Xanthones with various substituents on the three-membered heterocyclic ring skeleton exhibit diverse biological activities, such as antihypertensive, antioxidative, antithrombotic and anticancer activities.
Naturally existing xanthone analogues, including gentiakochianin, α-mangostin and psorospermin, have been identified to possess noticeable anticancer activities. Inspired by these natural xanthones with an excellent anti-proliferative effect, many synthetic xanthones have been
derived from modification of xanthone scffolds. Bisfuranoxanthone, modified from the naturally isolated psorospermin, exhibited comparable anticancer activities to the natural compound. Besides, in consideration of epoxy-tethered natural xanthones, 1,3-bisepoxyxanthone was synthesized as a topoisomerase II inhibitor with significant antiproliferative activity.
Vadimezan was developed from xanthenone-4-acetic acid (XAA), and has been recognized as a xanthone anticancer candidate due to its excellent experimental antitumor activity as a vascular disrupting agent that attacks the blood supply of a cancerous tumor to cause tumor regression. Despite a phase III failure for vadimezan treating advanced non-small cell lung cancer (NSCLC) with carboplatin or paclitaxel, study on vadimezan is continuing. Ching’s group compared the activities of vadimezan analogues in murine or human cellular models to explain why clinical responses to vadimezan 6 were disappointing while the preclinical data were so encouraging, and tried to search for analogues with greater clinical potential for human use.
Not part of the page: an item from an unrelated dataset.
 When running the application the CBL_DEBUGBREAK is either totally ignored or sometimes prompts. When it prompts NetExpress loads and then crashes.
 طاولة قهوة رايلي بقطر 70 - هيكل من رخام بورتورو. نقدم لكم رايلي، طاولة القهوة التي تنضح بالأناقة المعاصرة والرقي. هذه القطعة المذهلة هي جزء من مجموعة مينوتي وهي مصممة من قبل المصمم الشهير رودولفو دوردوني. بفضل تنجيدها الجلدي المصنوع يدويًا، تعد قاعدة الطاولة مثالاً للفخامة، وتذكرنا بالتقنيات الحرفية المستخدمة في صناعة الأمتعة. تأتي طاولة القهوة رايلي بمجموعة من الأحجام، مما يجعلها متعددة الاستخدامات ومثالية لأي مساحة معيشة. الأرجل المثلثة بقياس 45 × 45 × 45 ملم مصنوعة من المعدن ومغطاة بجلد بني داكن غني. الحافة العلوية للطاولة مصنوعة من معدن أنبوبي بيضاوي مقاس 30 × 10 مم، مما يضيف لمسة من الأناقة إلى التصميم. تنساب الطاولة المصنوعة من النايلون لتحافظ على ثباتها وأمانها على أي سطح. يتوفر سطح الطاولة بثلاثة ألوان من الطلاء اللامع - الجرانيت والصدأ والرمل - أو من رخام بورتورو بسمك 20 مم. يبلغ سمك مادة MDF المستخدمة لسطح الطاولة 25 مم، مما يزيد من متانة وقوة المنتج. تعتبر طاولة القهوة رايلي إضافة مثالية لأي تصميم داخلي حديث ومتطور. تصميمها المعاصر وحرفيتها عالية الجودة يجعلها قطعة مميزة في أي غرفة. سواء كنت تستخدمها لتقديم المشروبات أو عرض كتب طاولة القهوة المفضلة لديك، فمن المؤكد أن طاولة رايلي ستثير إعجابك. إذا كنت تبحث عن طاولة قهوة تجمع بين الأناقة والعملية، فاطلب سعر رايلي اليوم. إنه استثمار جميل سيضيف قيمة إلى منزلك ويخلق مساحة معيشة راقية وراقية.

In this study the author focused on the synthesis, structural characterization and preliminary evaluation of the anticancer properties of a series of new xanthone derivativesmodified from
vadimezan with carboxyl substitution, in an attempt to further explore the therapeutic potential of this tricyclic framework..
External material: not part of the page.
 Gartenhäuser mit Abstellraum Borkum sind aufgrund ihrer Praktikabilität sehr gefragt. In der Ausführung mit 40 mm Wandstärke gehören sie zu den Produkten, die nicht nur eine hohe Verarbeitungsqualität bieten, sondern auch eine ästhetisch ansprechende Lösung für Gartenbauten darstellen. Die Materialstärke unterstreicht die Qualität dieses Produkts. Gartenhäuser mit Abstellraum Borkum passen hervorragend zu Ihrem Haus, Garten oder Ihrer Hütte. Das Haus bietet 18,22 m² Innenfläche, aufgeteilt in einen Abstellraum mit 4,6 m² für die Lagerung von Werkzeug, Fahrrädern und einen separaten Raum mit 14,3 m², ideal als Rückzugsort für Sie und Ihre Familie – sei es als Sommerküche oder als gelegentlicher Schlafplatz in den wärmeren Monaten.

Vadimezan was synthesized by coupling the salts of 2-hydroxy-phenylacetic acid with 2-iodo-3,4-dimethylbenzoic acid, which was iodinated from the corresponding aniline with cuprous chloride and tris(2-(2-methoxyethoxy)ethyl)amine (TDA-1) catalysts to give the diacid, followed by concentrated sulfuric acid catalyzed cyclodehydration, with a total yield of approximately 40% and the structure was confirmed by single crystal crystallography.
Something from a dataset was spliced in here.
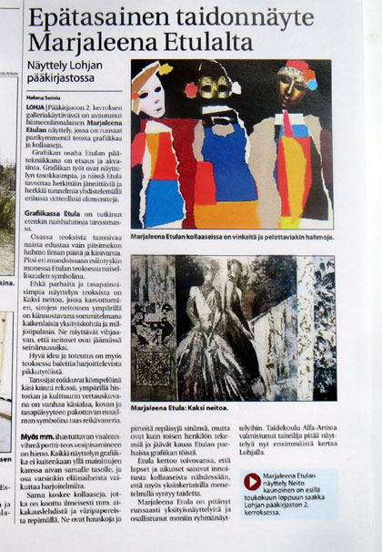 Lohjan pääkirjastossa on toukokuun ajan esillä hämeenlinnalaisen Marjaleena Etulan grafiikkaa ja kollaaseja. Etulalla on nyt näyttely ensimmäistä kertaa Lohjalla ja esillä on mm. nais- ja eläintutkielmia. Etulan etsaukset ovat herkän taidokkaita, kollaasit taas riehakasta repimistä.

The esters of vadimezan were obtained in moderate to excellent yields with reactions of vadimezan and the corresponding alcohols catalyzed by diphenylammonium trifiate (DPAT) in refluxing toluene. The application of DPAT included merits from the viewpoint of green chemistry and avoided acylation of vadimezan. In addition, the products could be obtained easily by filtration after precipitation with cooling, thus simplifying the workup procedure.
Amidation of the acetic acid chain of vadimezan was simply achieved by reacting with amines using N,N’-dicyclohexyl-carbodiimide (DCC) and N-hydroxybenzotriazole (HOBt) under mild conditions. The introduction of HOBt in the DCC coupling was beneficial in increasing the yields.
Vadimezan was converted into hydrazide via its ethyl ester by refluxing with excess hydrazine hydrate in ethanol. Condensation of hydrazide with the appropriate arylaldehydes afforded the corresponding arylidene hydrazides 10a–k with E and Z conformations mixed, which could be identified by resonance at different frequencies from 1H NMR spectra.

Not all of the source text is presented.